While polls show Trump bleeding support on almost every issue and in particular losing the independents who were so crucial to his 2024 victory, there’s something even worse about how he’s conducted himself during the last 100 days. All the light and heat and noise and fear and chaos he has engendered has put Joe Biden very far in the rear-view window of public perceptions. It’s now Trump’s unsatisfactory economy; Trump’s executive power grabs; Trump’s disorderly world; Trump’s despised and privacy-violating federal government; Trump’s arrogant, wealthy elites; Trump’s contempt for the struggles of working people — it’s Trump who’s in the news each morning, to the point that he can no longer embody the chronic hunger and thirst of the American people for change. And that’s very bad news for his party in both 2026 and 2028, and for any hopes he had of leaving office with the mantle of “greatness” he so desires.
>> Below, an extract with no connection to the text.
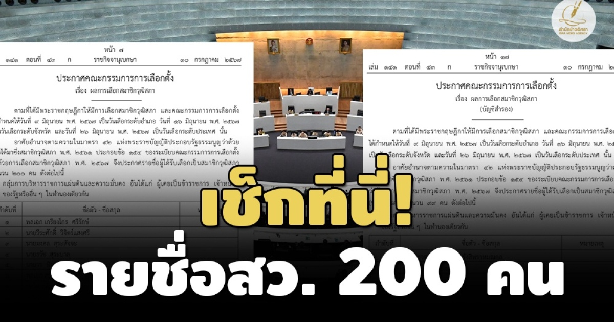ราชกิจจานุเบกษา เผยแพร่ประกาศ กกต. 2 ฉบับรับรองผลการเลือก สว. ทั้ง 200 คน พร้อมบัญชีรายชื่อสำรอง 100 คน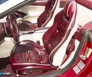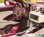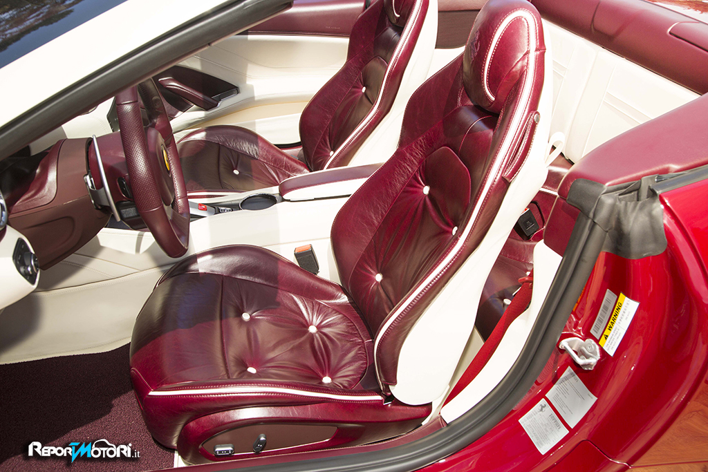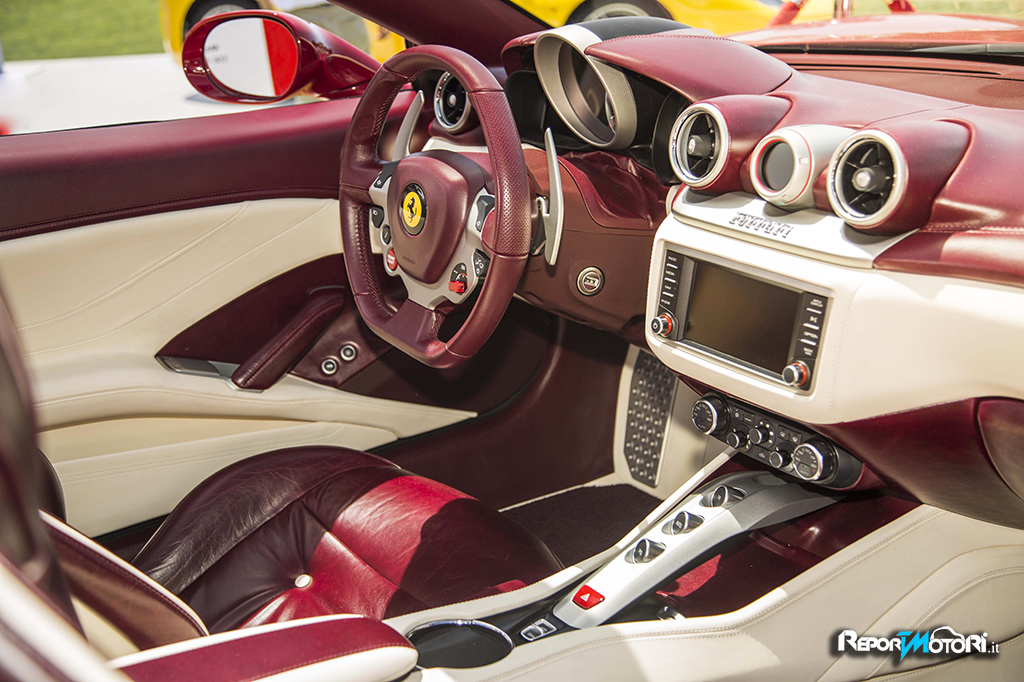 Ma sono soprattutto i lussuosi interni, scelti con la massima cura e attenzione al dettaglio, a rendere questa California T particolarmente ricca. Il programma Tailor Made prende spesso spunto dal mondo dell’Interior Design, e questa vettura illustra alla perfezione questo concetto: gli interni ricordano uno studio o una sala di lettura.I sedili in pelle bordeaux con inserti a diamante in pelle avorio richiamano una icona del design, la sedia Dezza di Giò Ponti. La calda e tradizionale opulenza delle pelli è contrapposta alle cromie lucide della plancia e del bridge centrale. Anche il volante è rifinito in pelle rosso bordeaux, cosi come parte dell’interno delle porte e il cruscotto.

For conservative Republicans who support many of Trump’s policy goals and who hope to build a party that can survive without him, the most frustrating thing is probably that he can’t or won’t “read the room” and understand the importance of changing course. That’s because he has devoted so much of his own astounding career — even before he entered politics — to creating a cult of personality insulated by a closed information loop in which all his worst traits are celebrated, including those that frighten and repel people outside the fun-house mirror of MAGA self-celebration and self-deception. It should be a bright red flashing sign of “Danger!” to the 47th president that his fans are happiest when his administration does something that is guaranteed to offend swing voters, like the FBI rushing in to arrest a local judge in Wisconsin who didn’t help ICE grab someone out of her own courtroom. Right now, even people who share a lot of the administration’s goals are concluding he’s simply going too far. Even if he had enough mental clarity and self-discipline to build an authoritarian regime, like Viktor Orbán’s, that used state power to make a temporary majority permanent, he’s lost the temporary majority before he rightly possessed it.
So Trump’s trajectory is right back toward the fever swamps from whence he arose in 2015 and into which he fell back again after January 6. Unless he changes his ways quickly, Trump’s last comeback has come and gone.